SECURITIES AND EXCHANGE COMMISSION

Washington, D.C. 20549

 

 

FORM 8-K

 

 

CURRENT REPORT

Pursuant to Section 13 or Section 15(d)

of the Securities Exchange Act of 1934

Date of Report (Date of earliest event reported): January 1, 2019

 

 

EMPIRE RESORTS, INC.

(Exact name of registrant as specified in its charter)

 

 

 

Delaware   001-12522   13-3714474

(State or other jurisdiction

of incorporation)

 

(Commission

File Number)

 

(IRS Employer

Identification No.)

 

c/o Monticello Casino and Raceway, State Route 17B,

P.O. Box 5013, Monticello, NY

  12701
(Address of principal executive offices)   (Zip Code)

Registrant’s telephone number, including area code: (845) 807-0001

Not Applicable

(Former name or former address, if changed since last report)

 

 

Check the appropriate box below if the Form 8-K filing is intended to simultaneously satisfy the filing obligation to the registrant under any of the following provisions:

 

Written communications pursuant to Rule 425 under the Securities Act (17 CFR 230.425)

 

Soliciting material pursuant to Rule 14a-12 under the Exchange Act (17 CFR 240.14a-12)

 

Pre-commencement communications pursuant to Rule 14d-2(b) under the Exchange Act (17 CFR 240.14d-2(b))

 

Pre-commencement communications pursuant to Rule 13e-4(c) under the Exchange Act (17 CFR 240.13e-4(c))

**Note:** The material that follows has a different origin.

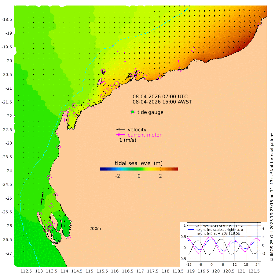 6cm/s -94T +12cm/s rms + 5cm/s -173T. NWSBAR 206m 4cm/s -136T +22cm/s rms + 10cm/s -148T. TAN100 109m 7cm/s -66T +11cm/s rms + 8cm/s -129T. PIL200 208m 14cm/s -40T +13cm/s rms + 7cm/s -137T. PIL100 105m 16cm/s -33T +12cm/s rms + 2cm/s -92T. PIL050 55m 4cm/s -126T +18cm/s rms + 4cm/s -149T. NRSNIN 61m 12cm/s -24T +6cm/s rms + 3cm/s 112T. NW Shelf M6 65m 38cm Withnell Point 44cm Denham 42cm Shark Bay (Inr Bn) 45cm Shark Bay 39cm Useless Loop -6cm Hamelin Pool 46cm Carnarvon 29cm Cape Cuvier 32cm Coral Bay 35cm Norwegian Bay 83cm Badjirrajirra 37cm Tantabiddi 61cm Point Murat 75cm Exmouth 81cm Learmonth 70cm Y Island 50cm North Muiron Island 59cm Roller 60cm Ashburton North 67cm Onslow (Beadon Creek) 62cm Thevenard Island 140cm Large Island 125cm North Sandy Island 89cm Barrow Island (Wapet Landing) 125cm Barrow Island (Tanker Mooring) 109cm Withnell Bay 85cm Trimouille Island 67cm North West Island 152cm Fortescue Road 104cm Steamboat Island 121cm Sholl Island 108cm Fairway Beacon 107cm Mawby Island 110cm Dampier (King Bay) 104cm Cape Legendre 124cm Hauy Island 138cm Port Walcott (Cape Lambert) 147cm Depuch Island 166cm Port Hedland 152cm Bedout Island 251cm Lagrange Bay

Indicate by check mark whether the registrant is an emerging growth company as defined in Rule 405 of the Securities Act of 1933 (§230.405 of this chapter) or Rule 12b-2 of the Securities Exchange Act of 1934 (§240.12b-2 of this chapter).

Emerging growth company  ☐

If an emerging growth company, indicate by check mark if the registrant has elected not to use the extended transition period for complying with any new or revised financial accounting standards provided pursuant to Section 13(a) of the Exchange Act.  ☐

 

 

 


Item 5.08. Shareholder Director Nominations.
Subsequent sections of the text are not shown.